Disclosure of Invention
The invention aims to provide a product service recommendation method based on intelligent medical big data and an intelligent medical system, so as to solve the problems in the background technology.
In order to solve the technical problems, the invention provides the following technical scheme: the product service recommendation method based on the smart medical big data comprises a medical data acquisition module, a medical data analysis module and a factor influence recommendation module, wherein the medical data acquisition module is used for acquiring medical information and patient information in a medical platform, the medical data analysis module is used for analyzing the acquired data information, the factor influence recommendation module is used for recommending medical services to patients according to different influence factors, the medical data analysis module is in network connection with the medical data acquisition module, and the factor influence recommendation module is in network connection with the medical data analysis module.
According to the technical scheme, the medical data acquisition module comprises a medical information input module, a behavior data acquisition module and a patient information acquisition module, the medical information input module is used for inputting medical information in the medical platform, the behavior data acquisition module is used for acquiring patient behavior information and doctor behavior information in the medical platform, and the patient information acquisition module is used for acquiring basic information registered by a patient when the patient visits the platform.

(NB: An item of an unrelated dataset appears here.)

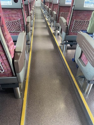 船内はきれいなカーペット敷。この船まだ新しいからな。
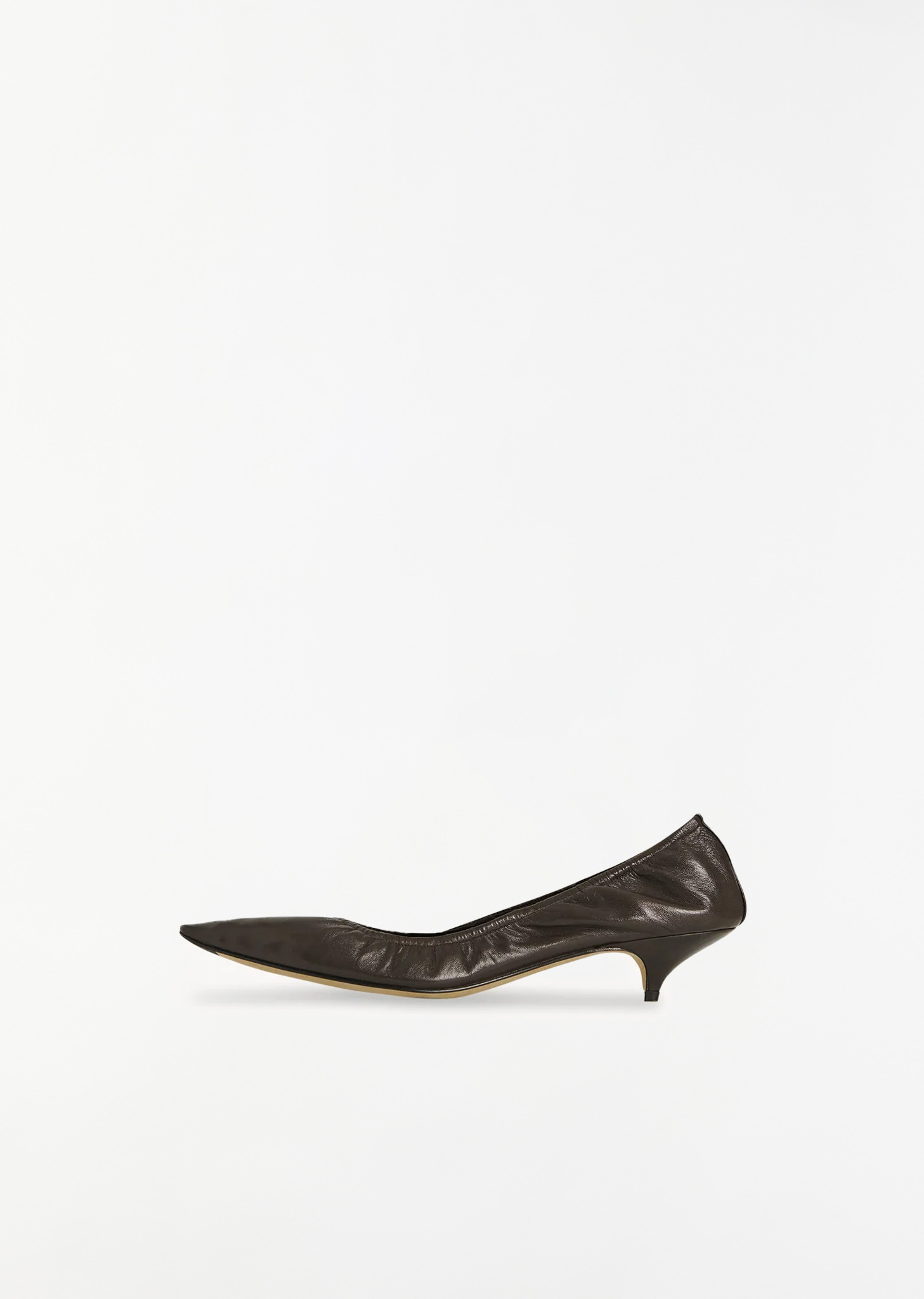 The Row brown kitten heel pump with a pointed toe, soft elastic trim, and leather sole in soft lambskin leather. Sizing: European (36-41). Color: Laquer Brown. Upper: 100% Soft Lambskin. Made in Italy. PS25TR023

According to the technical scheme, the medical data analysis module comprises a service quality analysis module, a service process information analysis module and a situation factor analysis module, the service quality analysis module is used for analyzing the service quality in the medical platform, the service process information analysis module is used for analyzing the medical service process quality, and the situation factor analysis module is used for analyzing different situation factors.
According to the technical scheme, the factor influence recommendation module comprises a parameter selection module, a preliminary screening module and a classification recommendation module, wherein the parameter selection module is used for enabling a patient to independently select basic parameters, the preliminary screening module is used for preliminarily screening medical service information, and the classification recommendation module is used for carrying out classification recommendation on medical services.
According to the technical scheme, the product service recommendation method of the intelligent medical system comprises the following steps:
step S1: establishing an information database through an intelligent medical system, performing data base processing on data information required by a recommendation method, and storing records;
step S2: the system acquires behavior data information on each medical platform and basic personal information registered when a patient performs medical service on line through big data, and stores the behavior data information and the basic personal information into the database for further analysis and processing;
and step S3: further according to the acquired information, integrating and analyzing information parameters required to be considered in the process of selecting medical services by the patient;
and step S4: when a patient logs in a medical platform to perform on-line medical service, parameter selection is performed according to service contents to be searched, preliminary screening is performed after the selection is completed, and further selectable medical service contents are displayed for the patient according to the information analysis result.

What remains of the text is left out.